The state retirement system has taken a severe financial beating from the economic downturn and what State Treasurer Nancy Kopp called the “unorthodox” method of funding the system. In fiscal year 2010, the state had only funded 64% of the total liabilities of the retirement system – nearly 20% less than the state’s funding level just four years earlier.
Most of the drop in funding came from the stock market collapse during the recession, said retirement system executive director Dean Kenderdine. However, the state adopted the “corridor method” of funding, which allows the state to not contribute the entire amount it should to the retirement system.
Kenderdine said that this funding method does not have much of an impact on how much the retirement system gets in a single year, but the retirement system can’t invest money that it doesn’t get. Without being able to invest money, Kopp said, the cost to the system is dear.
“The point is the corridor system will cost us billions,” she said.
Maryland is the only state that utilizes a system like this for its pension funding, Kopp said. Despite the state’s AAA bond rating, Kopp said that bond analysts always point out that the pension funding method is something that makes them uneasy. She said that actuaries who work for the retirement system also clearly point out that the underfunding of the pension system is “not appropriate” in every statement they sign.
The board of the retirement system has consistently taken positions against the corridor system of funding, and has favored phasing out the system over 10 years.

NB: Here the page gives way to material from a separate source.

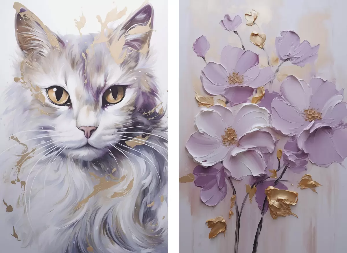 Hay tres tipos de material disponibles para pedidos: Lienzo Económico - material denso y duradero para impresión digital, idéntico al lienzo de pintor, superficie impermeable, reproducción realista de los detalles, material de grano medio. Lienzo Premium - la textura se asemeja a la de un lienzo de pintor (pequeños hilos entrelazados). Reproducción suave y detallada de la imagen sobre una superficie mate. Eco-Premium - tejido 100% algodón de alta calidad. Gracias a las fibras naturales de algodón, el material es duradero y resistente al desgaste. Excelente reproducción del color y el detalle.

Phasing out the system would mean the system would get to normal funding levels at least 10 years sooner.
“It’s a pay me now or pay me much more later proposition,” Kenderdine said.

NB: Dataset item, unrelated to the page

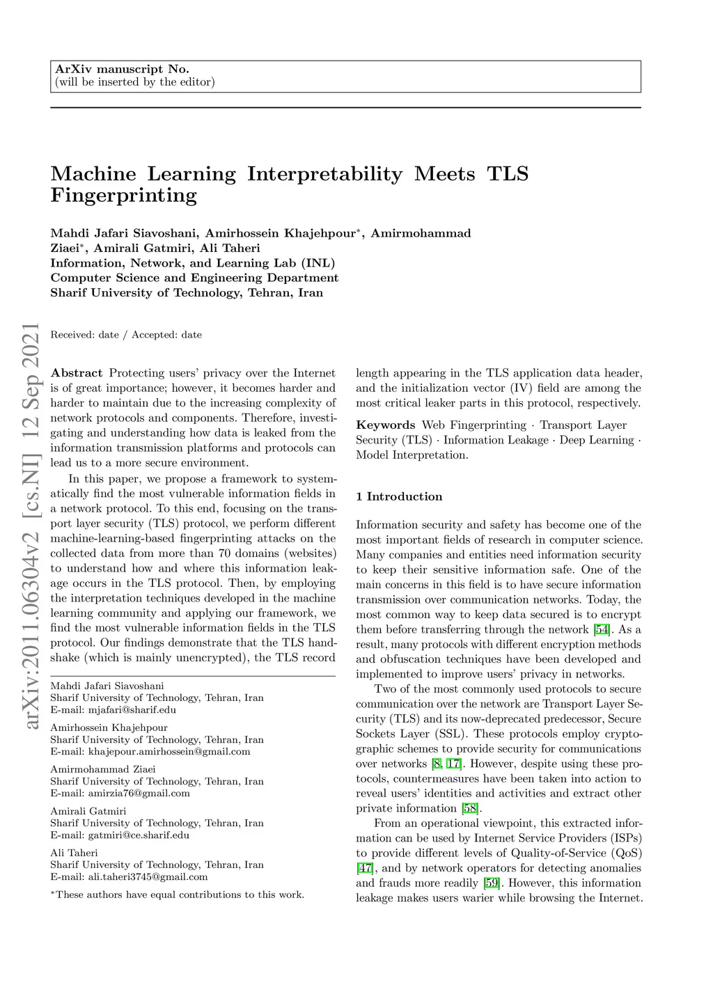 Protecting users' privacy over the Internet is of great importance; however, it becomes harder and harder to maintain due to the increasing complexity of network protocols and components. Therefore, investigating and understanding how data is leaked from the information transmission platforms and protocols can lead us to a more secure environment. In this paper, we propose a framework to systematically find the most vulnerable information fields in a network protocol. To this end, focusing on the transport layer security (TLS) protocol, we perform different machine-learning-based fingerprinting attacks on the collected data from more than 70 domains (websites) to understand how and where this information leakage occurs in the TLS protocol. Then, by employing the interpretation techniques developed in the machine learning community and applying our framework, we find the most vulnerable information fields in the TLS protocol. Our findings demonstrate that the TLS handshake (which is mainly unencrypted), the TLS record length appearing in the TLS application data header, and the initialization vector (IV) field are among the most critical leaker parts in this protocol, respectively.

While retirement system officials did not comment on proposals to change payment and benefit structures on Tuesday, they disagreed with the governor’s proposal in the Budget Reconciliation and Financing Act that would take $120 million from what is contributed to the retirement trust fund in fiscal year 2012. The governor’s bill, which provides many financial adjustments to balance the budget, moves that money to the general fund.
“One year’s worth is not a lot of money. If it were to continue, it will be a great deal of money,” Kopp said. “It will take the form of a benefit cut and compensation cut to employees.”
Even though the plunge in the markets hurt the retirement system, interim Chief Investment Officer Melissa Moye reported that in the last year, the system has been regaining ground. The system – which lost a fifth of its value in fiscal year 2009 – had a return on investment of 14% in the last fiscal year. The unaudited total value of the system’s investments now is just under $37 billion. To fully fund its future liabilities, the investments would need to be $54 billion, she said, leaving a $17 billion shortfall.
Outside pensions experts from the Mercatus Center at George Mason University have said Maryland’s future pension liabilities are much higher than that due to overoptimistic assumptions about future investment returns.
Part of the reason for Maryland’s success in the markets this year is its diversified portfolio, Moye said. Just over half of the holdings are in equities, while the portfolio also includes fixed income and currency holdings.
The corridor funding method is a guaranty to continue underfunding the pension system. We need to fund at the actuarial recommended contribution 9ARC) level. In an emergency, when they cannot fully fund to the full ARC, we should carry the difference a debt. The estimated return on our investments is currently 7.75%, and unreasonably optomistic. A target of 6-6.5% is more reasonable. Moving to index funds and away from high expense manged funds is also the smart choice. The acting chief Investment officer mentioned the 14% return in 2010. If they had invested 50% in an S&P 500 index fund, 35% in a small cap index fund, and 15% in an international index fund their return would have been 18.9% during that time. The $140 M cost of managed funds is outrageous—top dollar for sub par performance!
Why am I not surprised. We need sunshine in Annapolis government. No more moving money around to cover up incompetent governing by the Democratic majority. When will the sheeple of Maryland wake up? Before its too late I hope.
MD should index its portfolio, saving $140 million each eyar in mony manager costs.